The National Computer Emergency Response Team (NCERT) issued a stark warning about a indispensable vulnerability in Palo Alto Networks’ PAN-OS firewall software.
This flaw, recognized as CVE-2024-3400, approves attackers to remotely take whole manage of affected firewalls, bypassing any authentication measures. Firewalls are a essential security layer defending laptop networks, making this vulnerability a giant threat.
The advisory highlights that attackers are actively exploiting CVE-2024-3400. NCERT warns that PAN-OS variations 10.2, 11.0, and 11.1 are susceptible, in particular when both the GlobalProtect gateway and system telemetry facets are enabled. Fortunately, Palo Alto Networks has launched hotfixes to tackle the issue. NCERT urges users to deploy these hotfixes immediately.

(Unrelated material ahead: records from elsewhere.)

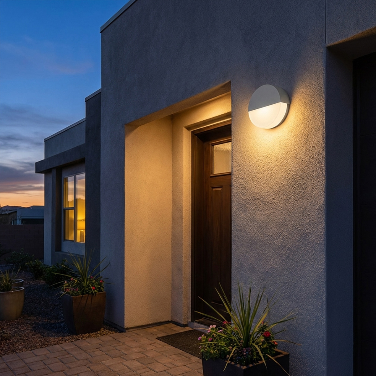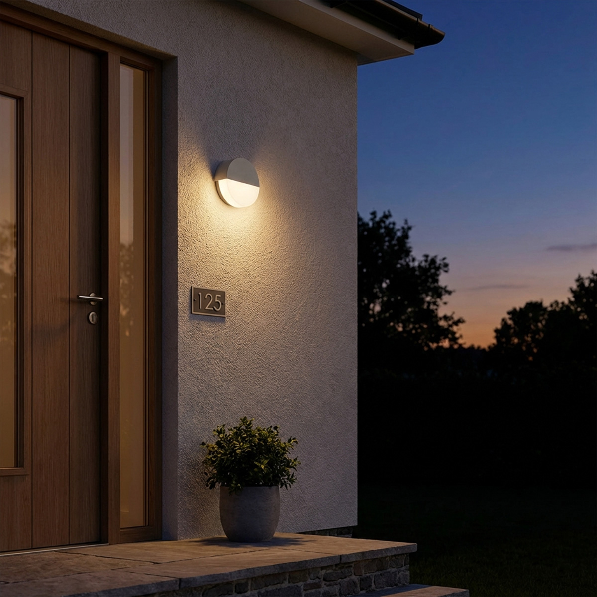Gefertigt aus hochwertigem Aluminiumguss und wahlweise in Silber oder Anthrazit erhältlich, fügt sich die Wandleuchte harmonisch in unterschiedlichste Architekturstile ein – vom klassischen Einfamilienhaus bis zur modernen Stadtvilla. Der Opalglas-Diffusor sorgt für einen gerichteten Lichtaustritt. Das Licht wird weich gestreut und gleichmäßig verteilt, wodurch Blendungen vermieden und Hauswände stilvoll in Szene gesetzt werden.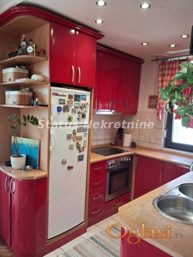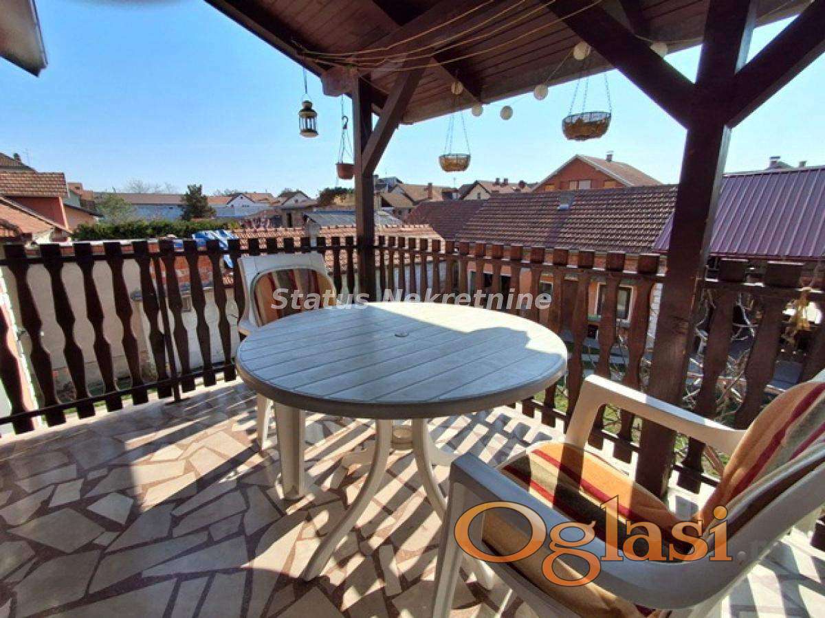 ****Odličan porodični stan*** Povoljno ! Prodajemo u mirnoj ulici u Veterniku stan u kući. Nalazi se na prvom spratu i ima i pripadajući tavanski prostor koji daje mogućnost za dodatni stambeni prostor. Stan poseduje tri spavaće sobe , kupatilo, predsoblje. Kuhinja, trpezarija i dnevna soba su jedna celina. Iz tog dela se izlazi na terasu, koja je dvorišno orjentisana i koja poseduje hladnu ostavu. Stan ima i pripadujuću garažu kao i dodatnu ostavu u tom delu zgrade. Papirološki stan je odvojen i uknjižen na 88m2. Grejanje na gas. Na samo sto metara je stajališe gradskog prevoza a u blizini je i škola. Informacije na broj telefona: 065 385 88 81, Irena. Više fotografija možete pogledati na našem sajtu: www.status-nekretnine.com A57-22411.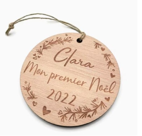 Apportez une touche unique et pleine de magie à votre sapin avec notre boule de Noël personnalisée en bois, gravée au laser avec soin dans notre atelier QTcréations 💛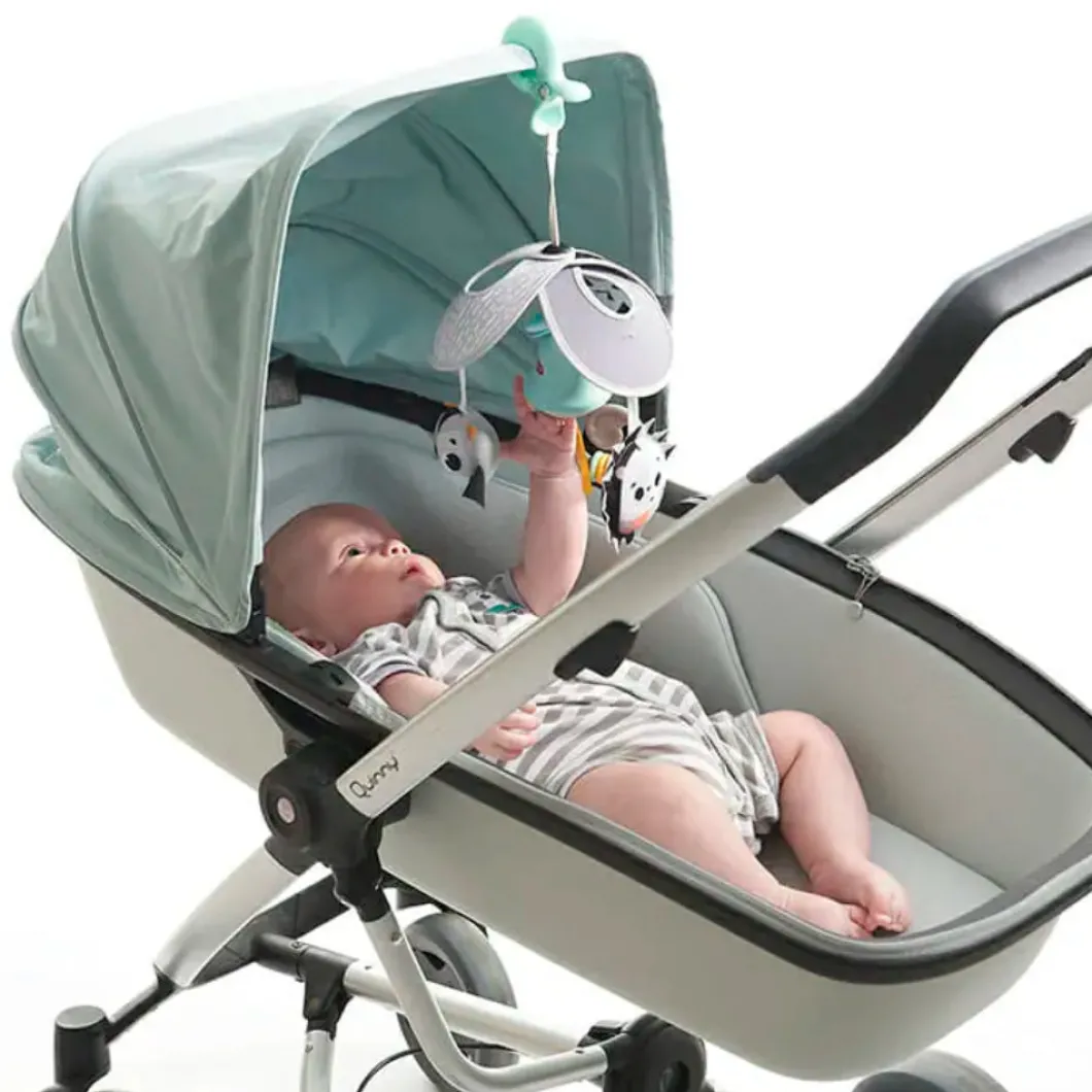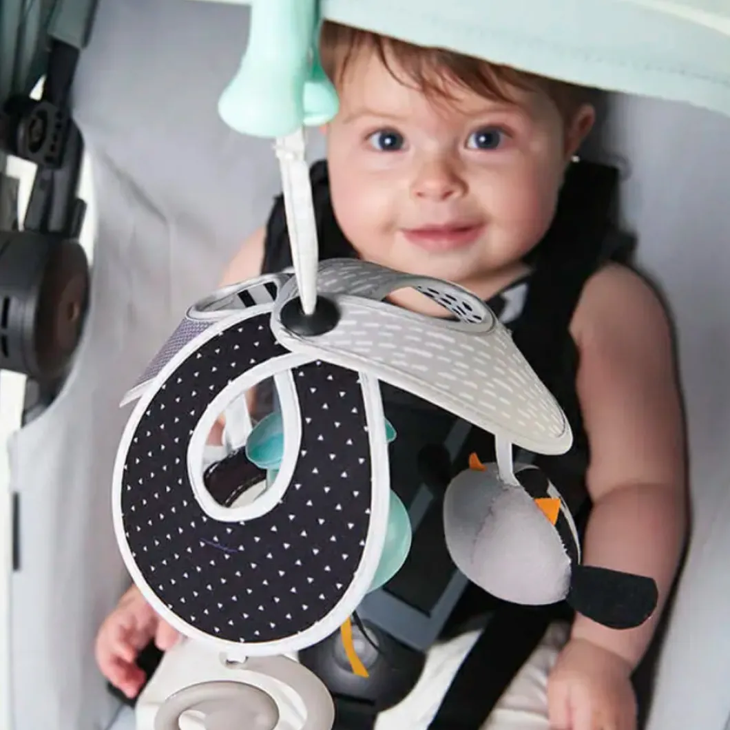 El adorable y elegante juguete presenta un diseño geométrico en blanco y negro para ayudar a estimular la visión de los bebés y brindar mucha diversión, mientras que los simpáticos personajes fomentan los balbuceos y los arrullos.

While permanent safety patches are forthcoming, the advisory outlines extra mitigation strategies. These include activating a specific Threat ID for users with Threat Prevention subscriptions, configuring vulnerability protection on unique interfaces, and disabling a particular telemetry feature.
NCERT emphasizes the significance of proactive network protection practices past this particular vulnerability. They advocate businesses many times assessment and update security configurations, consistently display network undertaking for suspicious behavior, and have a response diagram in region to correctly tackle protection incidents. Following these hints and applying the reachable hotfixes can notably minimize the hazard of being compromised.